To our knowledge, direct demonstrations of blocking of the conditioned reinforcing function of a stimulus using operant conditioning are sparse or nonexistent. However, it has been suggested that the effect of a stimulus as a conditioned reinforcer is correlated with its eliciting function (Donahoe, 2014; Donahoe, Crowley, Millard, & Stickney, 1982), and if the eliciting function can be blocked, the reinforcing function may be blocked as well (Palmer, 1988). Likewise, experiments have suggested that there is a correlation between the effect of a stimulus as a conditioned reinforcer and its function as a discriminative stimulus in an operant contingency (Holth, Vandbakk, Finstad, Grønnerud, & Sørensen, 2009; Lepper, Petursdottir, & Esch, 2013; Lovaas et al., 1966; Skinner, 1938/1991; Taylor-Santa, Sidener, Carr, & Reeve, 2014; Vandbakk, Olaff, & Holth, 2019).
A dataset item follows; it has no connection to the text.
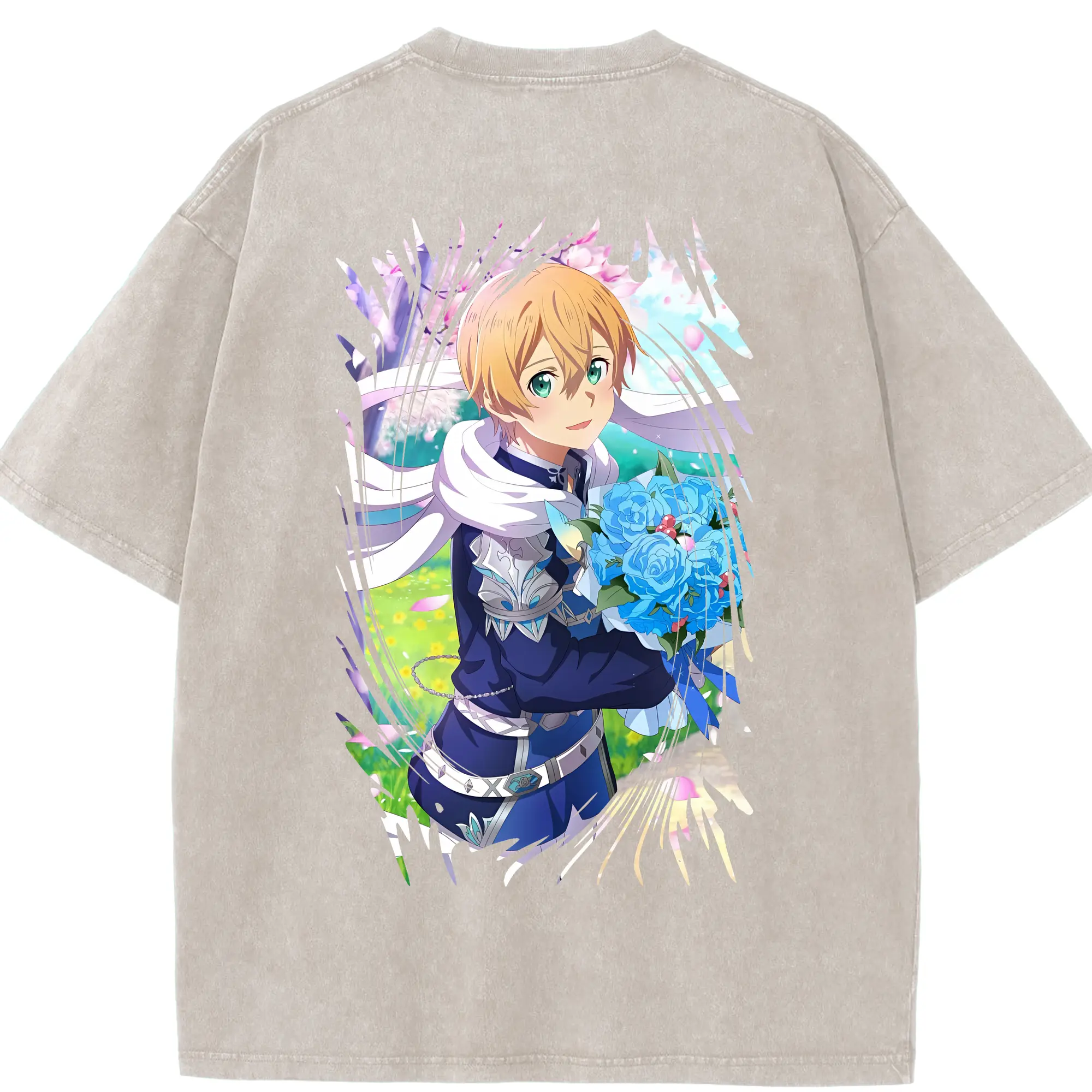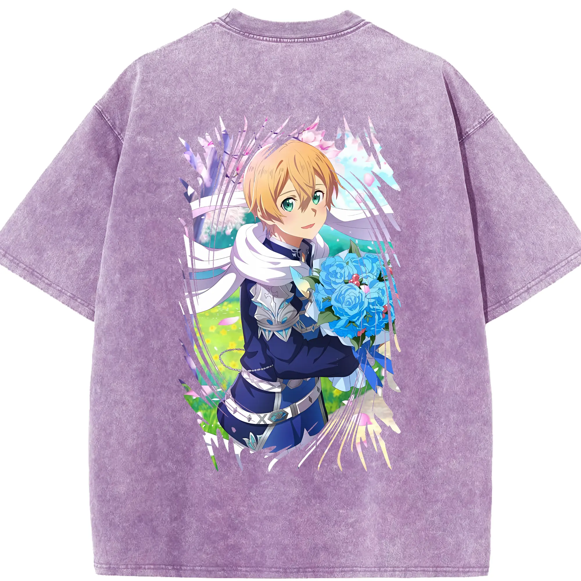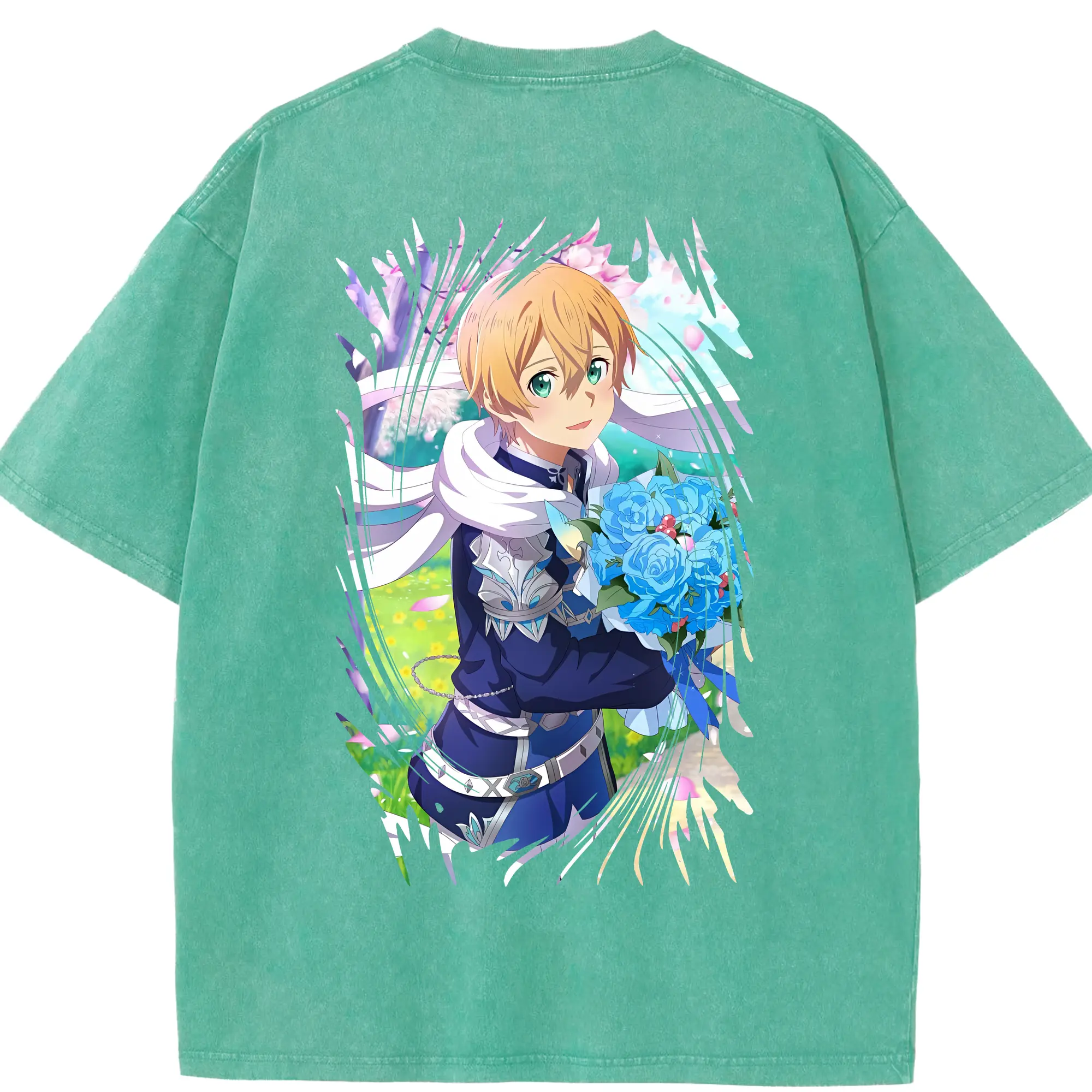 ソードアートオンライン グッズ ユージオ - 綿100% ヴィンテージ風 半袖Tシャツ ・ フロントプリント ・ 柔らか肌触り ・ 通気性 快適 ・ スポーツ カジュアル 外出用

The purpose of the present experiment was to investigate blocking of stimulus control in rats using an operant discrimination procedure (e.g., Seraganian & vom Saal, 1969; vom Saal & Jenkins, 1970). If blocking of stimulus control was demonstrated, the purpose was to investigate directly whether the blocking effect extends to the effect of those stimuli as conditioned reinforcers (Palmer, 1988). First, different visual or auditory stimuli were established as discriminative stimuli for pulling a chain, followed by unconditioned reinforcement. Second, a visual and auditory stimulus was added in a compound stimulus and trained the same way. Then, a test of stimulus control was conducted twice, before a final test of the conditioned reinforcing effect on a new response.
Method
Subjects
Seven Wistar albino male rats (Han Tac) were obtained from a commercial supplier (Charles River Breeding Centre, Germany). The rats were 42 days old with body weights ranging from 150 g to 162 g at the start of the experiment. The rats were housed separately in techniplast cages (1290D Eurostandard Type III from Scanbur) and placed in a ventilated holding rack (Camfil) with temperature kept stable at 20 ± 2°C, and humidity at 55 ± 10%. The animal quarter was lit between 06:00 am and 06:00 pm. The cages were 42.5 × 26.6 × 15.5 (height) cm, with a floor area of 820 cm2, and with a raised standard wire lid (Series-123, from Scanbur) that gave a total height of 21.5 cm. Each cage had Aspen bedding and was enrichened with a tinted polycarbonate tunnel (15.5 × 7.5 cm). The rats had free access to food (801002 RM1 (E) from Special Diet Services, UK).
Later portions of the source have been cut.